The PeopleApp detect one or more physical objects from one categories within an image and return a box around each object, as well as a category label for each object.

Main Feature

  1. It detects people and notifies them if they have fallen or if they are wearing a hard hat or mask.

  2. Counts the number of people in the area of ​​interest in real time.
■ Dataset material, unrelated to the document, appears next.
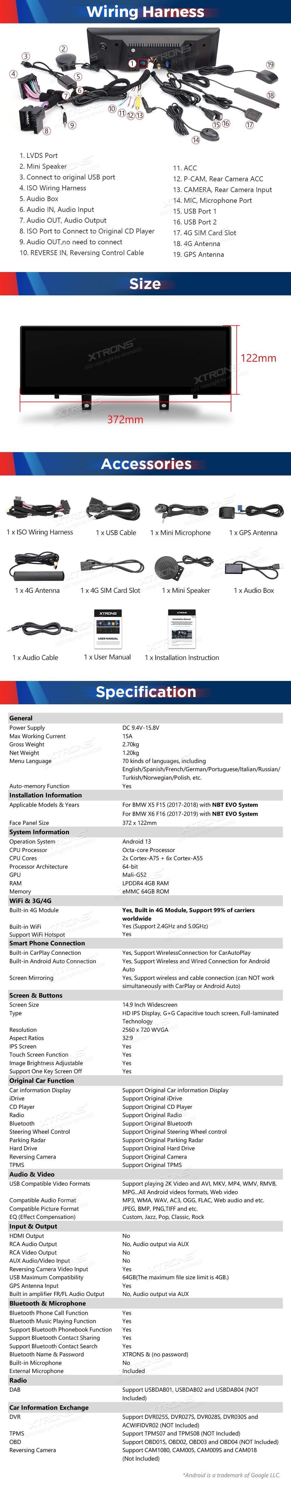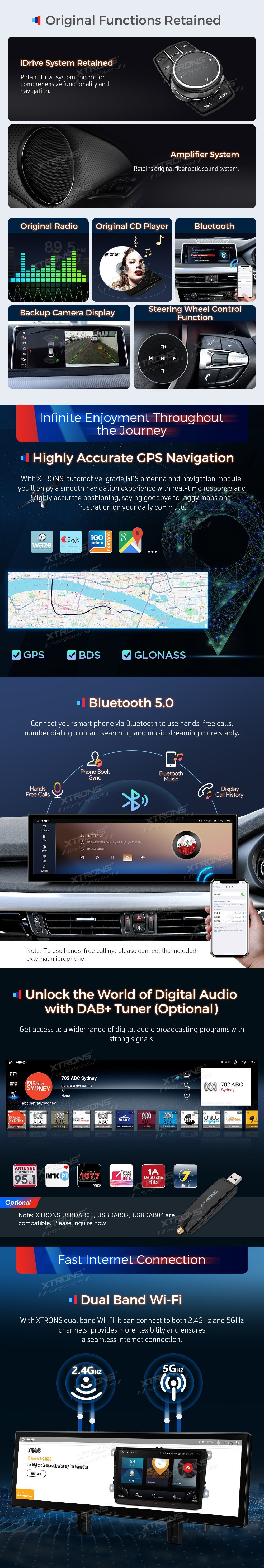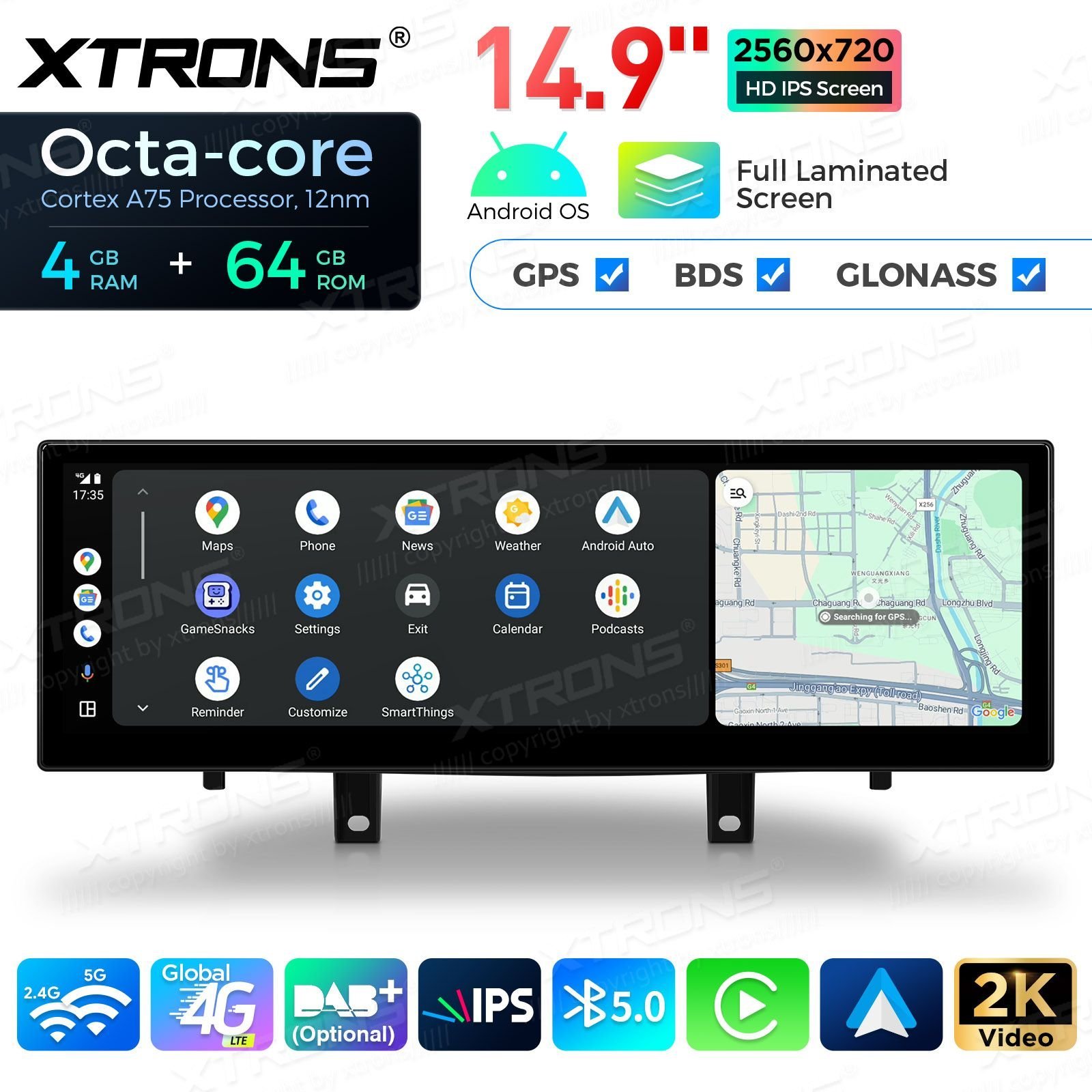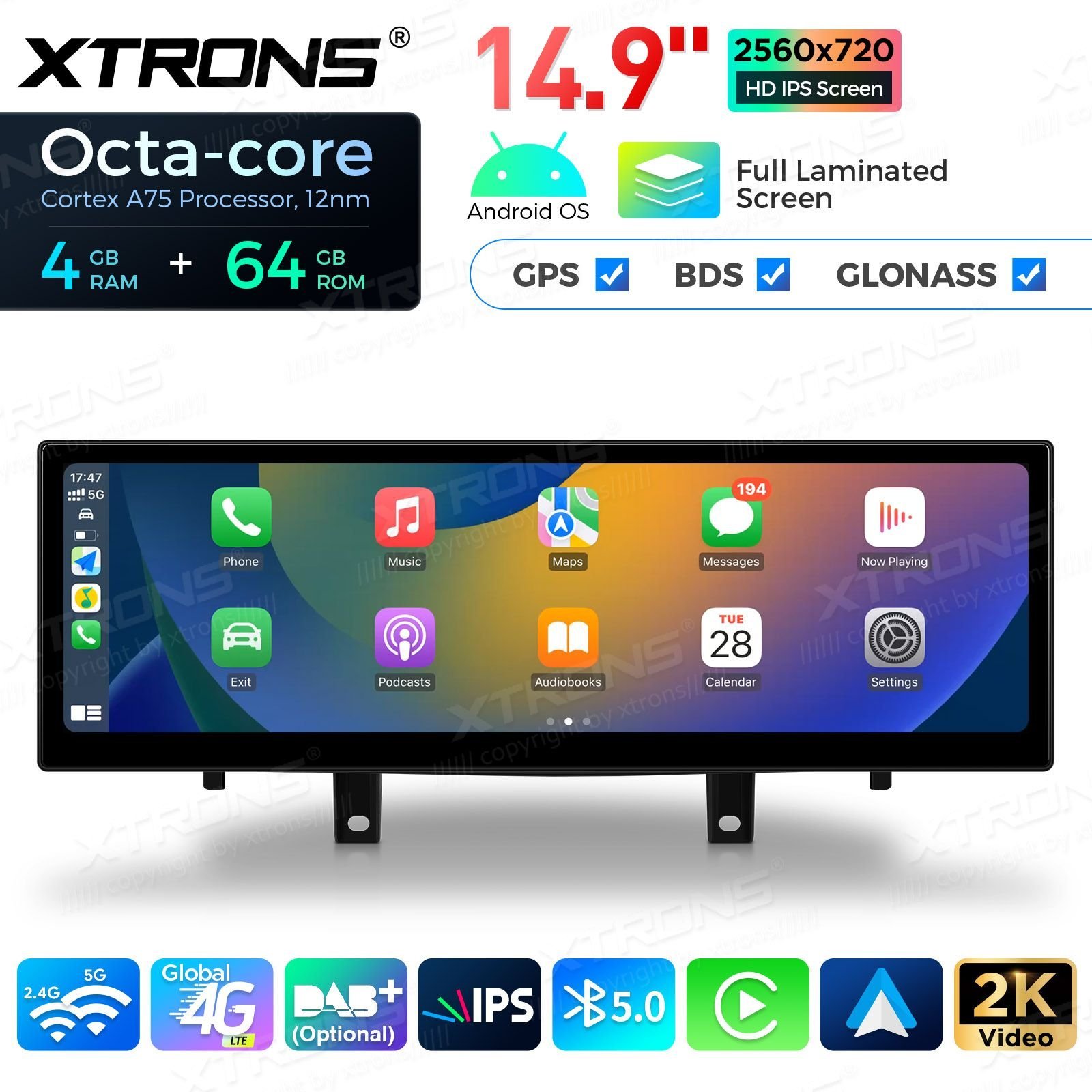 *14,9 palcový exkluzivní nový koncept Ultra-tenký design *2560*720 Super velký IPS 2.5D G+G Grade-A Obrazovka * Plně Laminovaná anti-Glare Screen *Android 14 Cortex A75 *2+A55*6 12nm Proces *Octa-Core LPDDR4 4GB+64GB ROM SSD *Global 4G LTE (Podpora 99 % dopravců po celém světě) * Stylové uživatelské téma *Wuilt-in Wireless CarPlay a bezdrátový a kabelový Android Auto *Screen zrcadlení *Podpora AHD kamery * Anglický a německý uživatelský manuál a průvodce instalací *Původní zobrazení informací o autech *Originální Funkce Zachovány -iDrive systém zachovaný -Zásobitelský systém -Originální rádio -Pravný CD přehrávač -Bluetooth -Backupní displej fotoaparátu - Funkce řízení kol *Postavitelný DSP *Pravná GPS navigace *Bluetooth 5.0 *Dual Band Wi-Fi (2.4GHz & 5GHz) *Sdílení Mobilní Sítě Přes USB Tethering *2K Video Přehrávání přehrávání * Multitaskový displej *PIP-Obrázek v obraze *Postava 2 USB vstup * V ceněn mikrofon *Prozkoumejte více funkcí s příslušenstvím XTRONS (volitelné) -DVR, Fotoaparát, OBD, TPMS a DAB

App Application Architecture

Architecture Overview

Det(People)─────Tracker(NvDCF)───┬─Cls1(Falldown for person Category)
                                 ├─Cls2(Helmet   for person Category)
                                 └─Cls3(Mask     for person Category)

PeopleDet   : {0:person}
FalldownCls : {0:falldown, 1:none}
HelmetCls   : {0:wear, 1:off, 2:unknown}
MaskCls     : {0:off, 1:wear, 2:unknown}

Model Infomation

  • PeopleDet

    1. Description

      Detecting person objects against diverse backgrounds.

    2. Version

      v1.6.3

    3. Dataset Properties

      Category name Number of Images Number of Instances
      person 55892 121616
      Total 55892 121616
    4. Performance

      Category name Recall 50:95 Precision 50:95
      person 99.2 94,9
      mean 99.2 94.9
  • FalldownCls

    1. Description

      For person objects, classify whether they have fallen or not.

    2. Version

      v2.3.0

    3. Dataset Properties

      Category name Number of Images Number of Instances
      falldown 15712 15712
      none 10828 10828
      Total 26540 26540
    4. Performance

      Category name Accuracy
      falldown 98.4
      none 99.2
      mean 98.9
  • HelmetCls

    1. Description

      Person objects are classified into three categories: wearing a helmet, taking off a helmet, or unknown.

    2. Version

      v2.1.0

    3. Dataset Properties

      Category name Number of Images Number of Instances
      wear 4576 4576
      off 5197 5197
      unknown 284 284
      Total 4576 4576
    4. Performance

      Category name Accuracy
      wear 98.0
      off 96.7
      unknown 37.9
      mean 95.6
  • MaskCls

    1. Description

      Person objects are classified into three categories: masked, unmasked, or unknown.

    2. Version

      v2.0.0

    3. Dataset Properties

      Category name Number of Images Number of Instances
      off 3723 3723
      wear 2624 2624
      unknown 3812 3812
      Total 10159 10159
    4. Performance

      Category name Accuracy
      off 90.9
      wear 89.0
      unknown 89.5
      mean 89.9

Input / Output

Input

Input Type : Image

Input Format : RGB

Input Resolution : 640 X 640 X 3 (W x H x C)

INPUT IMAGE

Output

Output Type : Lable, Boundary-box(Bbox), Confidence Scores, Track ID

Output Type Data Format
Lable str
Bbox list: [x: float, y:float, w:float , h:float ]
Confidence Scores float
Track ID int
Event str

OUTPUT IMAGE (in Viveex)

Software Integration

Runtime Engine:

  • Autocare Edge 1.7

Preferred System Spec:

  • OS : Ubuntu (debian)
  • GPU : NVIDIA RTX 3070, NVIDIA RTX 4090, etc(Nvidia).

Limitation & Warning

Small objects : The object size must be at least 5% of the total image size for detection.

Crowded objects : In the case of crowd objects, they can be recognized as a single object by the Iou algorithm.

Camera distortion : A skewed input may not fit the model's domain.

Dark or blurry objects : It may not pass the threshold and therefore go undetected.